Die Szene in Bad Segeberg
Als »großen Erfolg des Nationalen Widerstandes in Norddeutschland« wertete die Neonazizeitung "Einheit und Kampf" den ungestörten und von der Polizei betreuten FVB-nahen Aufmarsch von etwa 150 Neo-FaschistInnen in Bad Segeberg am 24. Mai 1997.
Nach der Entlassung von Bernd Tödter aus dem Gefängnis2 wurde hier ein "Freundeskreis Nationaler Aktivisten" (FnA) bzw. eine "Kameradschaft Nordmark" gegründet. Dieser veranstaltete "Wehrsportübungen" und trat auf der Segeberger Demonstration mit einem eigenen Transparent auf.

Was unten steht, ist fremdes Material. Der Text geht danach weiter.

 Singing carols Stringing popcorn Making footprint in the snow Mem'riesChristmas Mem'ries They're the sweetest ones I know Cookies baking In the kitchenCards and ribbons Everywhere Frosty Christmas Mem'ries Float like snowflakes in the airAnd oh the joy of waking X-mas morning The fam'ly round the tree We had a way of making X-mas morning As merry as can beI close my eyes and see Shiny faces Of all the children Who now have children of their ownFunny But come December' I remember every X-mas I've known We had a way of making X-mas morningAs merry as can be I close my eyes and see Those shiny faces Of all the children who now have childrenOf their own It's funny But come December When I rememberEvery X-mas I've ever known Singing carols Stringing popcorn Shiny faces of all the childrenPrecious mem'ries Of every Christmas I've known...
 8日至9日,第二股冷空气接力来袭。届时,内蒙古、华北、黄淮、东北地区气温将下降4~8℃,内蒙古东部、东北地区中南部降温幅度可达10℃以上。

Die "Anti-Antifa"-Aktivistin Thekla Kosche aus Bad Segeberg soll wohl den Aufmarsch in Bad Segeberg angemeldet haben. Doch ihre Bedeutung sollte deswegen im bundesweiten Kontext nicht überhöht werden. Mittlerweile hat sie durch ihr unvorsichtiges und vollmundiges Auftreten für ihren Rausschmiß aus dem Neonazi-Internet-Netzwerk "Thule-Netz" gesorgt. Thekla Kosche alias „Gothmag 99“ aus dem Kreis der in Bad Segeberg stationierten "ASGARD BBS"-Mailbox soll nun mit dem "Nordland Netz" ein neues Projekt mit aufgebaut haben. Dieses ist allerdings mit bislang vierzig Usern bundesweit bedeutungslos.
Ausblick
Alles in allem liegt die Vermutung nahe, daß das Bündnis rechts in Schleswig-Holstein gute Chancen hat, organisationsübergreifend als Sammlungsbewegung zu wirken. Es ist zwar nicht zu vermuten, daß es damit bundesweite Vorbildfunktion einnehmen kann; für die Region kann diese Bündelung jedoch noch einiges an Problemen mit sich bringen.

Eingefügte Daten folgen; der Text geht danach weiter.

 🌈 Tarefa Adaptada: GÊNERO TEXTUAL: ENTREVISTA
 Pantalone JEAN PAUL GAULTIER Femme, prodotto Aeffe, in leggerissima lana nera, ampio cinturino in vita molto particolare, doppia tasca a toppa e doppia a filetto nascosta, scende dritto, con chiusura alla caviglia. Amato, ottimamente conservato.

Fraglich ist, ob sich das Bündnis auch durch den Bundestagswahlkampf hindurch retten kann, in dem einige ihrer Bündnispartner wohl in Konkurrenz zueinander treten werden. Daneben ist weiter fraglich, ob es den Initiatoren gelingt, die verschiedenen lokalen Initiativen zu funktionsfähigen Ortsgruppen anwachsen zu lassen. Ohne die Beteiligung von Gruppen aus anderen Bundesländern, der Hamburger NL, der SAF sowie der süddeutschen FVB-Mitglieder, wäre zumindest die Demonstration in Bad Segeberg, die insgesamt für viel Auftrieb gesorgt hat, nicht durchführbar gewesen. Darüber hinaus haben AntifaschistInnen mittlerweile die Voraussetzungen dafür geschaffen, in Zukunft erfolgreich gegen weitere Aktionen zu mobilisieren, was sie in den vergangenen Monaten mehrfach unter Beweis gestellt haben.